Apart from the pictures, every line below needs to be reproduced verbatim.

◆ DATA BLOCK
++++++++++

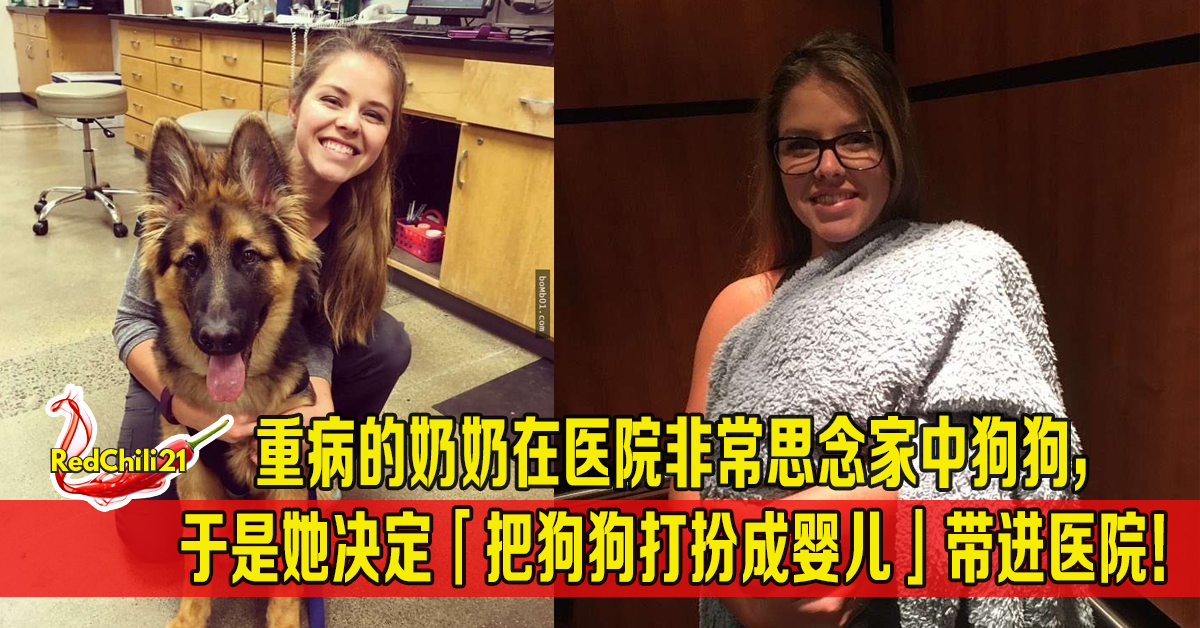 对家裡有养毛小孩的人来说,一定懂那种要跟它们分离时最不舍的心情了!美国加州一位21岁的女孩雪比(Shelby Hennick)因为奶奶住院,知道她很思念自家狗狗,就用了一点小聪明把狗狗带进去,当奶奶与狗狗重逢时,那个画面真的很令人感动啊!!
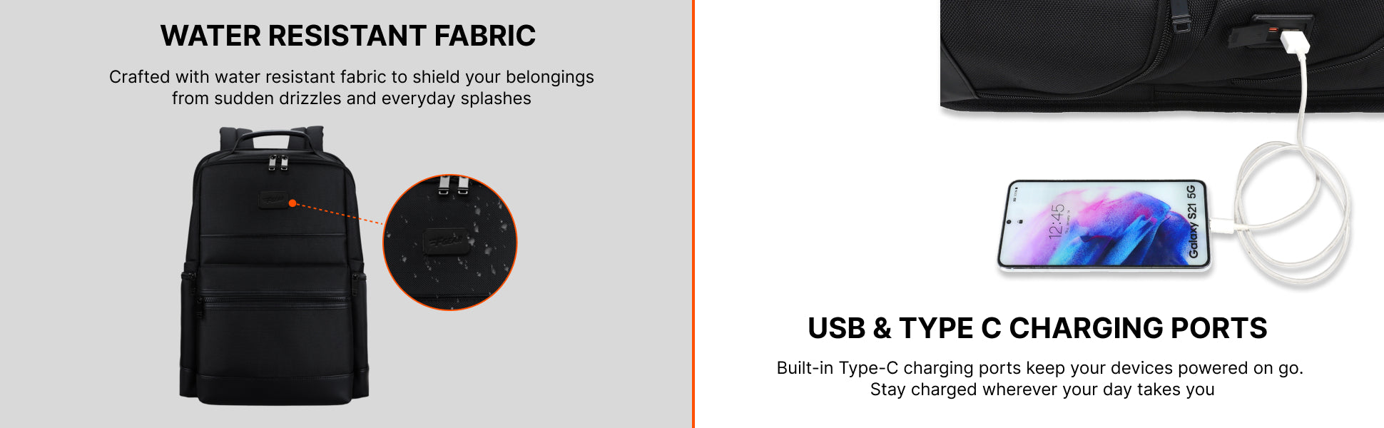 Designed with USB + Type-C charging ports, Varello ensures your devices remain powered through meetings, commutes and long trips. The padded laptop section fits up to 17-inch laptops, complemented by a dedicated tablet sleeve for enhanced utility. Engineered with an ergonomic molded foam back panel, it offers structured support, optimized ventilation and a refined, high-comfort carry experience.
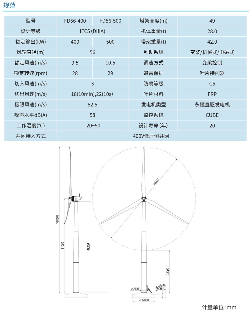 采用低速永磁發(fā)電機(jī),直驅(qū)無(wú)齒輪箱傳動(dòng)設(shè)計(jì),傳動(dòng)系統(tǒng)高效可靠,壽命長(zhǎng)
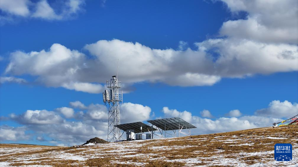这是9月20日在玉树州曲麻莱县黄河源流域约古宗列曲拍摄的中国移动5G基站(无人机照片)。

++++++++++

◆ SOLUTION
 对家裡有养毛小孩的人来说,一定懂那种要跟它们分离时最不舍的心情了!美国加州一位21岁的女孩雪比(Shelby Hennick)因为奶奶住院,知道她很思念自家狗狗,就用了一点小聪明把狗狗带进去,当奶奶与狗狗重逢时,那个画面真的很令人感动啊!!
 Designed with USB + Type-C charging ports, Varello ensures your devices remain powered through meetings, commutes and long trips. The padded laptop section fits up to 17-inch laptops, complemented by a dedicated tablet sleeve for enhanced utility. Engineered with an ergonomic molded foam back panel, it offers structured support, optimized ventilation and a refined, high-comfort carry experience.
 采用低速永磁發(fā)電機(jī),直驅(qū)無(wú)齒輪箱傳動(dòng)設(shè)計(jì),傳動(dòng)系統(tǒng)高效可靠,壽命長(zhǎng)
这是9月20日在玉树州曲麻莱县黄河源流域约古宗列曲拍摄的中国移动5G基站(无人机照片)。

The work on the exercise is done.